Tensorize in multithreaded environment


I have a small test case where I do a 2-d matrix addition.
A = tvm.placeholder((4,16), name=‘input1’)
B = tvm.placeholder((4,16), name=‘input2’)
C = tvm.compute((4,16),
lambda m,n: A[m,n] + B[m,n],

I tile on the leading dimension by 2 and parallelize as follows:

m,n = s[C].op.axis

m_outer,m_inner = s[C].split(m,factor=2)

I then match the inner matrix add with a tensorize routine:
And I add my own c function that does the matrix add as a packed func.
I print the address of the pointer passed into the routine. When there is a single thread(TVM_NUM_THREADS=1) the pointers are updated correctly prior to being passed to the function
But when there are 2 threads are more, the input pointer is not offset for threads other than the first one.


Please look here for the sample code


If we need the input of tensorization to have non-zero offset, we might need to redefine the buffer abstraction(by having buffer_alignment)


Hi Tianqi,

Thanks for the response, is it possible to pass in the loop index variables as arguments to the tensorized function?


So in the output of tvm.lower after tensorize:

After tensorize
produce output {
parallel (m.outer, 0, 2) {
tvm_call_packed(“test_intrin”, tvm_address_of(input1[(m.outer*32)]), tvm_address_of(input2[(m.outer32)]), tvm_address_of(output[(m.outer32)]))

We see that the tvm_address_of is pointing to the right offset in the buffer. Can the implementation of tvm_address_of be modifed to yield the right offset, taking into account parallelized loops?


OK, this might have something to do with a bug in TVM code generation when supporting packed function calling in the parallel body, Can you try swap call_packed by call_extern for now, and directly provide an extern “C” function with the same signature? This will get around this



Can you give an example of how to use call_extern please? I’m passing the output in a s a pointer to the external function so I have a void return type, is this supported?


You can simply use int as return type and not use the values for void functions, and it should work


see https://github.com/dmlc/tvm/blob/master/python/tvm/intrin.py#L134


Some qns:
Do you use TVM_REGISTER_GLOBAL to register the extern function?
How do you export the extern function ,by loading a .so?
do you need get_global_func?
are the arguments to the function C++ datatypes or TVMArgValues as for packed func?
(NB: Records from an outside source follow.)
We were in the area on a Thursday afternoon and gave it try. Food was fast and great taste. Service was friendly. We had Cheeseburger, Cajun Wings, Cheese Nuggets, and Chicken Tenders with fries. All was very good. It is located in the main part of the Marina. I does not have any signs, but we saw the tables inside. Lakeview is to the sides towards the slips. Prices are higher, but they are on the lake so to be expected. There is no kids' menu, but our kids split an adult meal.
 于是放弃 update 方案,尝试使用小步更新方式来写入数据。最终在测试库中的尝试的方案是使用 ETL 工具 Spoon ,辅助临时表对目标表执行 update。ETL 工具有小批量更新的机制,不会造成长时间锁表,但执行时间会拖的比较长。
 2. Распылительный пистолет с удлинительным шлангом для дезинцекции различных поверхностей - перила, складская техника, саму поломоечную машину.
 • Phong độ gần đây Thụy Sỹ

For normal extern function, you don’t need to register them, just make sure they are exported as extern C in the runtime is fine. You cannot get them through tvm.get_global as they are typed c functions


I get the following error:

LLVM ERROR: Program used external function ‘test_intrin’ which could not be resolved!
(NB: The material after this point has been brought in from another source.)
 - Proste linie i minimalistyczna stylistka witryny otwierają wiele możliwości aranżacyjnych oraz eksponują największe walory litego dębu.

I declare the function as extern “C” in the .so file.

f = tvm.module.load("./test.so")

def intrin_func(ins, outs):
body = tvm.call_extern (“int32”,“test_intrin”,ins[0].access_ptr(“rw”),ins[1].access_ptr(“rw”),outs[0].access_ptr(“rw”))

and here is my function

extern “C” int test_intrin(void * input, void * input2, void * output){
printf(“input %.8X\n”, input);




Thank you for the response. The issue I’m facing is that I want to use call_extern to invoke a function in a dynamic .so library which I link by using tvm.module.load.

In your approach you implement the extern function as llvm inline assembly, but for my case the function is implemented in the dynamic .so library and I want to call that… Is there a way to do this?
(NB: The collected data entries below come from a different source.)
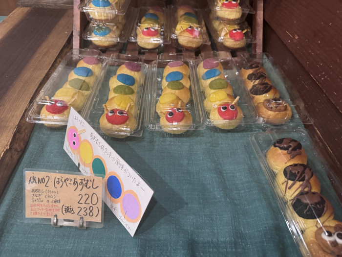 種類豊富なパンの中には、幸福パン、あこうクリームパン、はらぺこあおむし、春巻きの皮で包んだ焼きカレーパンなど、個性派パンがずらりとあり、どれにしようかワクワクがとまりません。
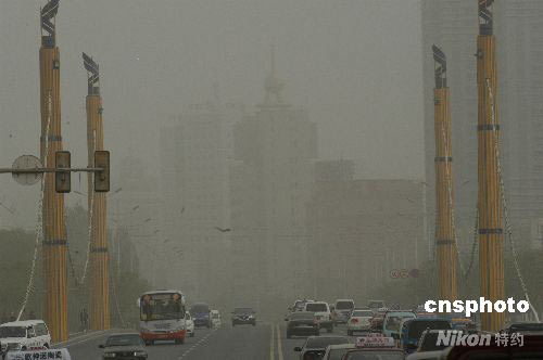 4月23日下午,在新疆庫爾勒市街頭,汽車在沙塵當(dāng)中行駛。在4月18日--19日遭遇沙塵暴襲擊后,新疆庫爾勒于23日下午16時(shí)開始,再次遭遇沙塵襲擊。中新社發(fā) 確·胡熱 攝
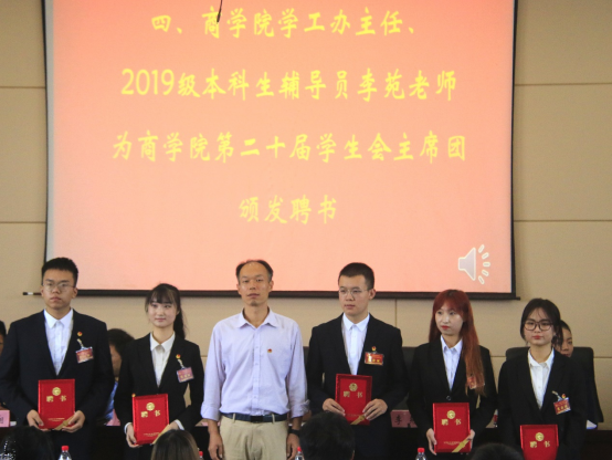伟德国际1949官网学工办主任、2019级本科生辅导员李苑老师为新一届伟德国际1949官网本科生团委、学生会主席团成员颁发聘书。
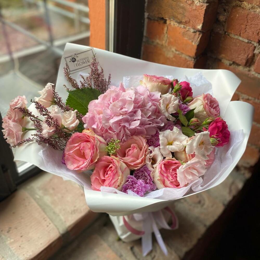 Букет из гортензии, роз, эустомы, вереска, диантусов, кустовых пионовидных роз и седума в стильной упаковке “Ньюкасл”

You can, as long as the .so library is loaded prior to the tvm.module.load in the tvm runtime



The .so library is an external library which I have compiled using a c++ compiler. Now I load it using tvm.module.load to expose it to tvm runtime. But the external function implemented in the library is not resolved as indicated by the error I reported earlier.



Please check out the example here https://github.com/dmlc/tvm/pull/2156, as I said in my last post, it is fine as long as .so library is loaded in the tvm runtime.

However, we do need to load the so as RTLD_GLOBAL object, so it is visible to other so library. Or you can re-expose it in the tvm runtime and have tvm runtime link against your dll


Thanks, this looks like what I need, I’ll confirm if it worked for me.